- [EXTRACTED ENTRIES]:
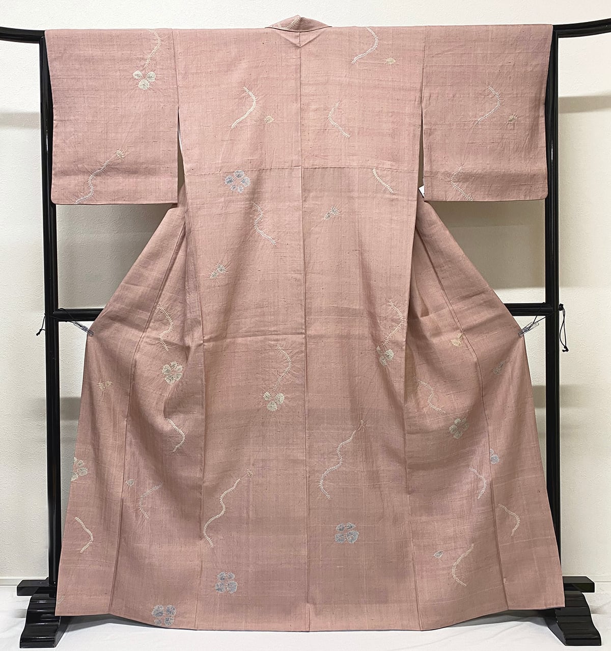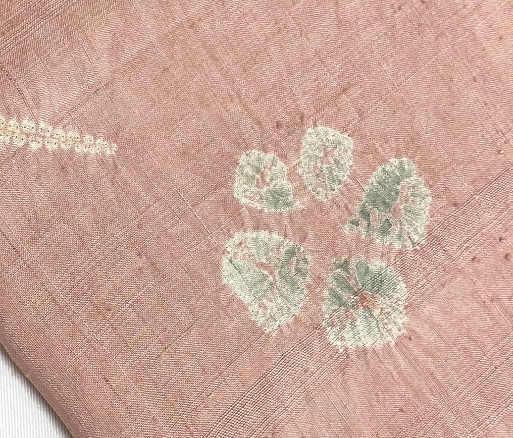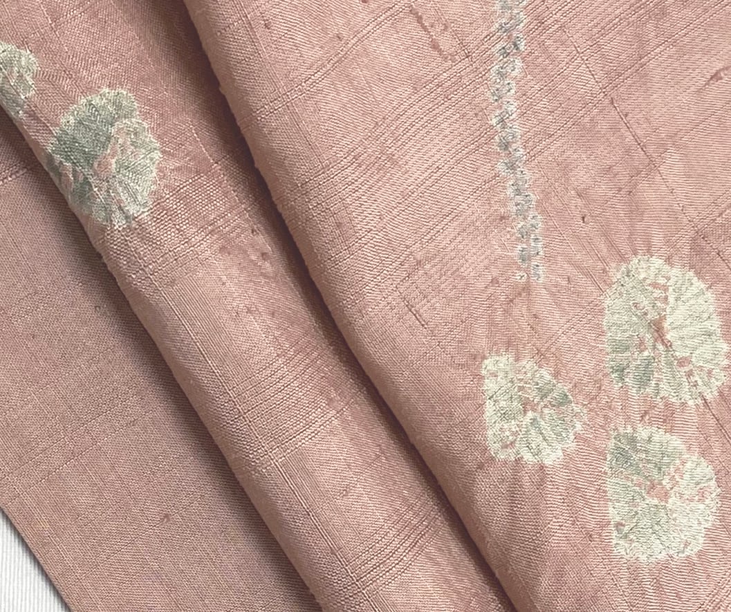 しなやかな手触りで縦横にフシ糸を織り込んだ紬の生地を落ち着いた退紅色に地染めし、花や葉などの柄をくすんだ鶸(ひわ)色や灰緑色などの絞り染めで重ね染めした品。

...

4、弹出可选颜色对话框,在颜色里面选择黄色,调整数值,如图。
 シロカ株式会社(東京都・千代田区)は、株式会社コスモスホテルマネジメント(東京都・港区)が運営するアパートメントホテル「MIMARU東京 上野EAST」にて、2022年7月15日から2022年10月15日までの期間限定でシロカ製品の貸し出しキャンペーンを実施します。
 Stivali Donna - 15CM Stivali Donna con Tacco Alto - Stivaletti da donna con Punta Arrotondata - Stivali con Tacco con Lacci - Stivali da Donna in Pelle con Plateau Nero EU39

==

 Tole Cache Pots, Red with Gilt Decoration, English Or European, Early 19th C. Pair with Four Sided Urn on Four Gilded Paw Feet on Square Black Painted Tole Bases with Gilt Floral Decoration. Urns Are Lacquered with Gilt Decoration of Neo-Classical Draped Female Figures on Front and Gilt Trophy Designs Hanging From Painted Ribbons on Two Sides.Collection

- [TO DO]: The lines to extract from the data above begin with the line containing "シロカ株式会社(東京都・千代" and end with the line containing "Stivali Donna - 15CM". Extract them exactly, including both.

- [RESPONSE TO THIS EXERCISE]:
 シロカ株式会社(東京都・千代田区)は、株式会社コスモスホテルマネジメント(東京都・港区)が運営するアパートメントホテル「MIMARU東京 上野EAST」にて、2022年7月15日から2022年10月15日までの期間限定でシロカ製品の貸し出しキャンペーンを実施します。
 Stivali Donna - 15CM Stivali Donna con Tacco Alto - Stivaletti da donna con Punta Arrotondata - Stivali con Tacco con Lacci - Stivali da Donna in Pelle con Plateau Nero EU39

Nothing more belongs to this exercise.